Why doesn't Exxon stock move one-for-one with oil?+
ExxonMobil is an integrated major operating across upstream production, downstream refining and marketing, and chemicals, and the three segments respond differently to oil-price moves. When crude rises, the upstream segment captures the rally but the refining segment compresses because finished-product prices lag crude, and chemicals exposure dilutes the upstream beta. When crude falls, the refining segment expands as the crack spread widens, and chemicals can also benefit from cheaper ethane feedstock. In 2015, 18.8 billion dollars of upstream earnings declines were partially offset by nearly 5 billion dollars of margin expansion in downstream and chemicals. The integrated structure is a natural hedge that smooths returns through the oil cycle.
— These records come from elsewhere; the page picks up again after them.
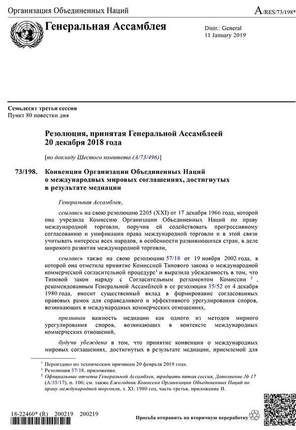 в 2019 году. Конвенция признает важность медиации в урегулировании международных коммерческих споров и ее использование в качестве альтернативы судебному урегулированию споров. Подробно с текстом Конвенции Вы можете ознакомиться на нашем сайте по ссылке: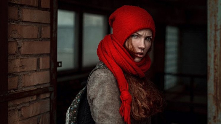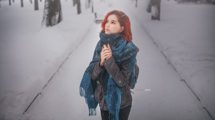 Зимняя фотосессия с шарфом.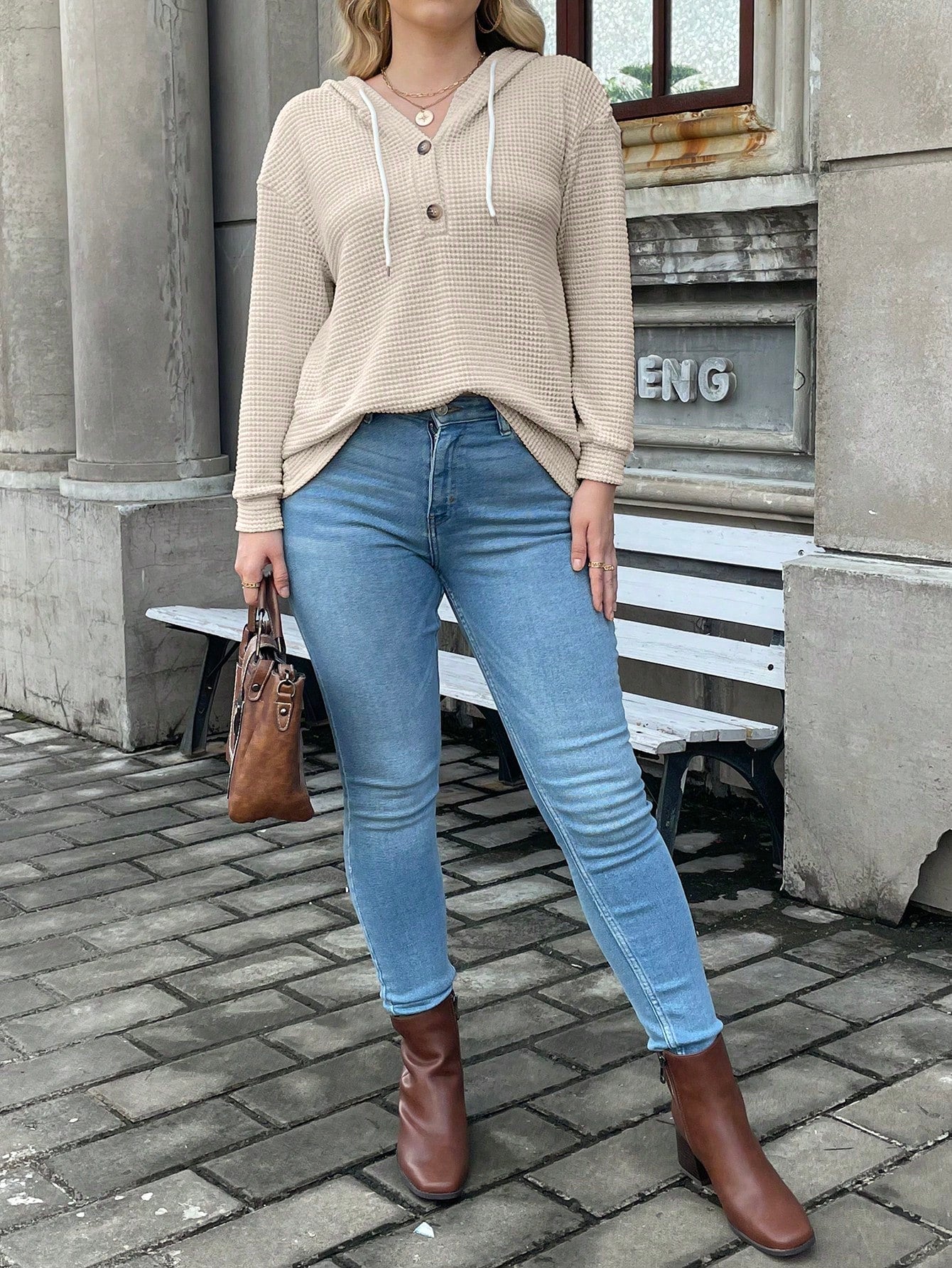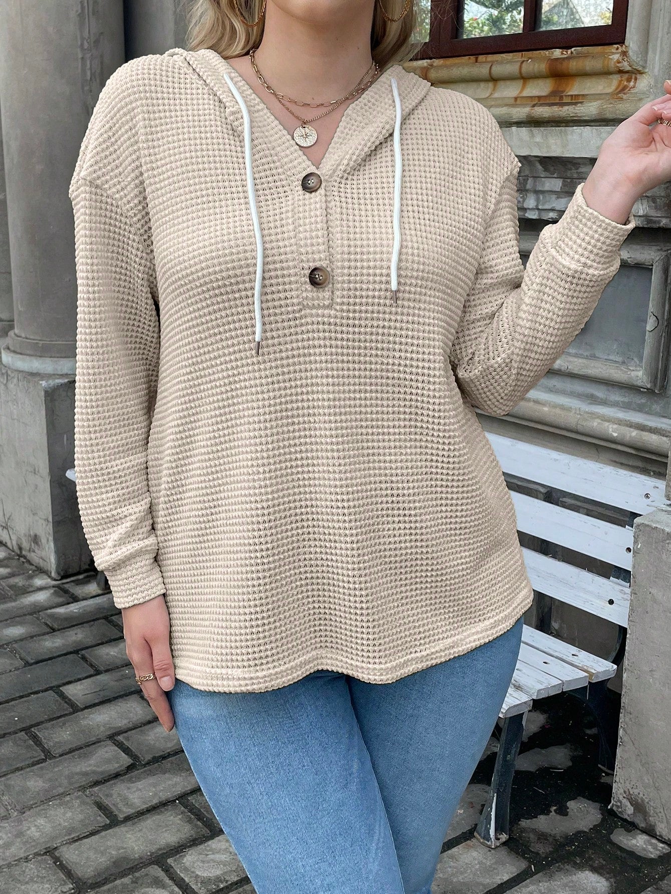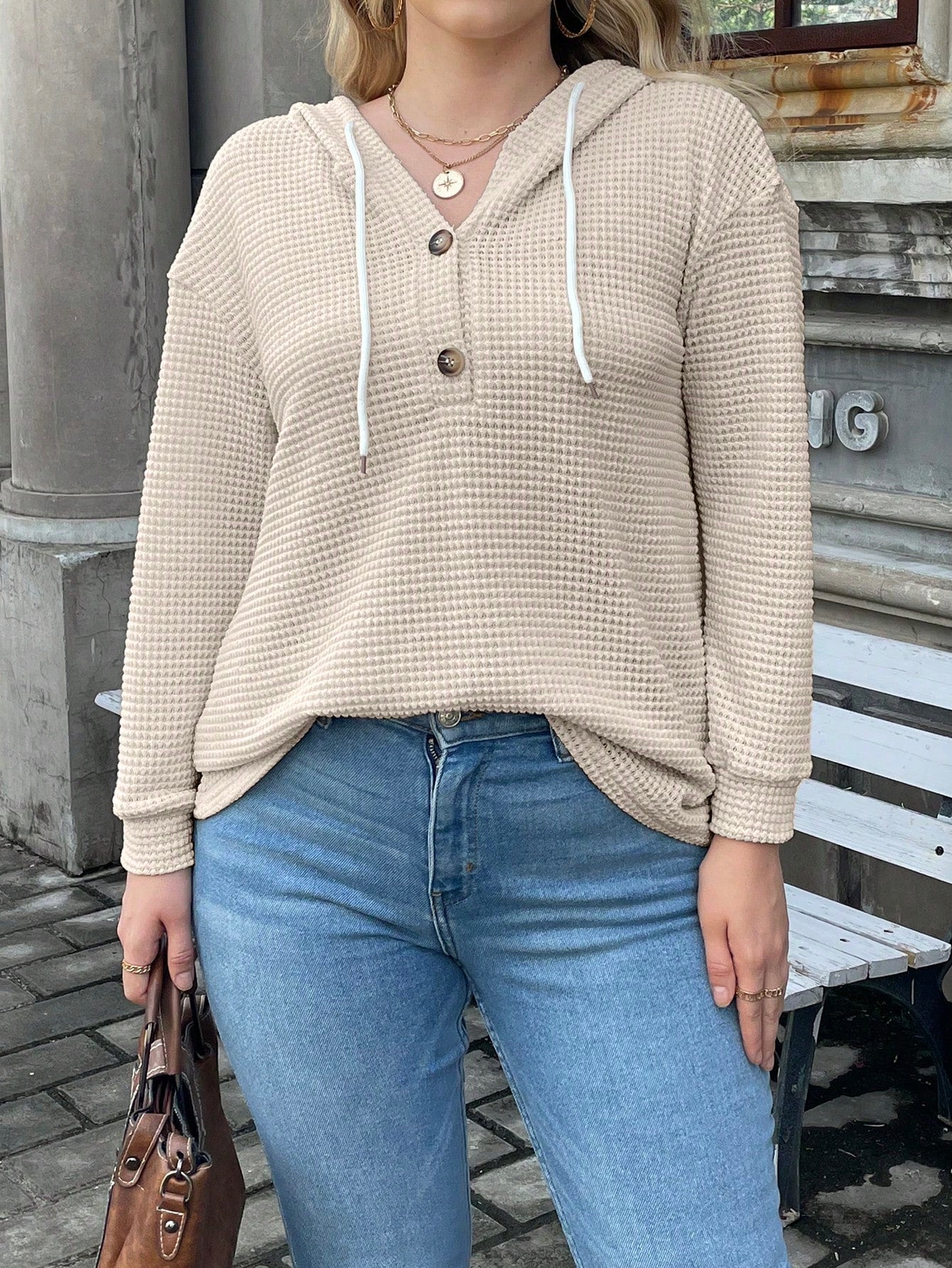 هودي ازرار نصف منخفض الاكتاف رباط مقاس كبير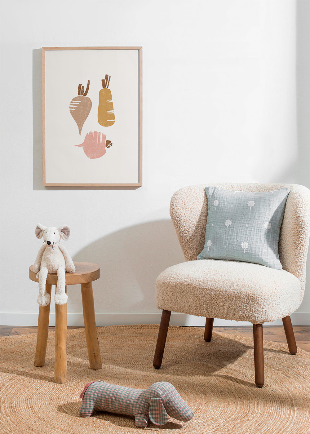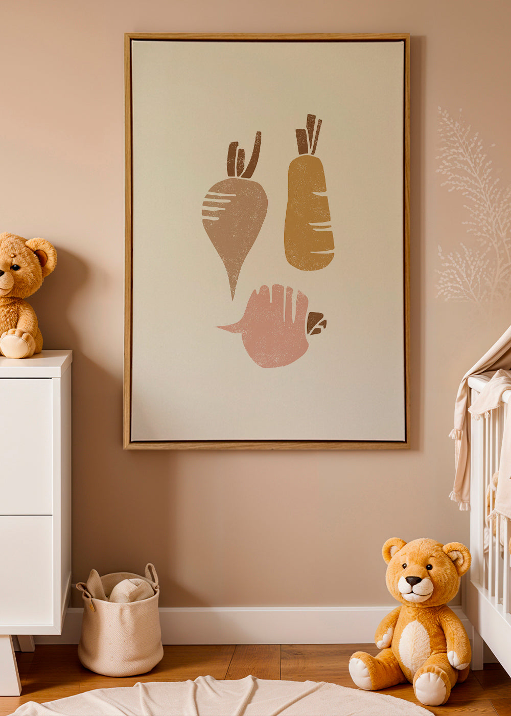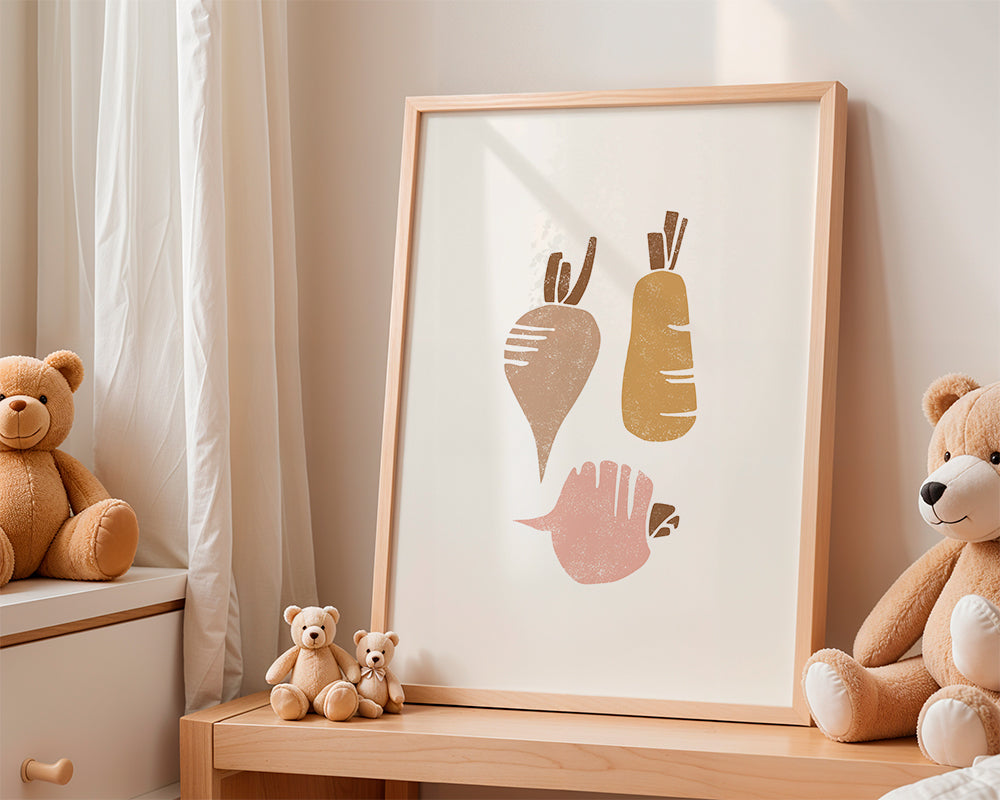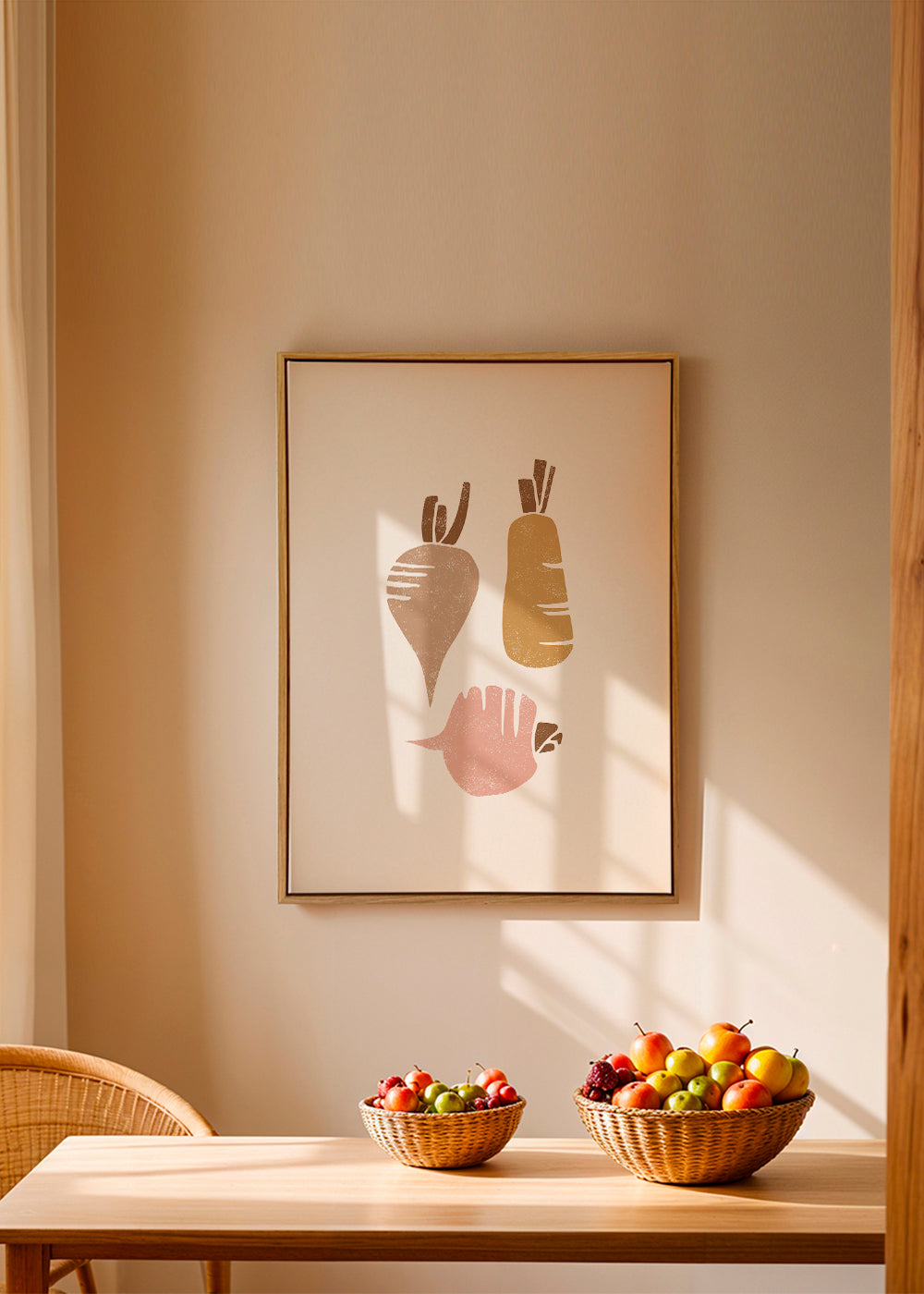 Una immagine della nostra selezione di quadri con frutta e verdura, di Marta Munte, con sfumature dai colori rose, e ideale da mettere in posizione verticale. Le illustrazioni sono una delle forme d'arte più chiare, e questo è un design che non passerà inosservato. Un design raffinato, all'altezza del tuo home decor.

What is XOM's dividend yield and is it safe?+
XOM trades at a 2.66 percent dividend yield as of April 30, 2026, paying an annualized 4.12 dollars per share. ExxonMobil management publicly states the dividend and capital program are covered at Brent prices below 40 dollars per barrel, against current prices near 100 dollars. The most recent ex-dividend was February 12, 2026 with a March 10, 2026 pay date, and the next quarterly dividend of 1.03 dollars goes ex on May 15, 2026 with a June 10 pay date. The company has paid a dividend continuously since 1882 and increased it for 42 consecutive years through 2025, making it one of the longest-running dividend-growth records in the S&P 500.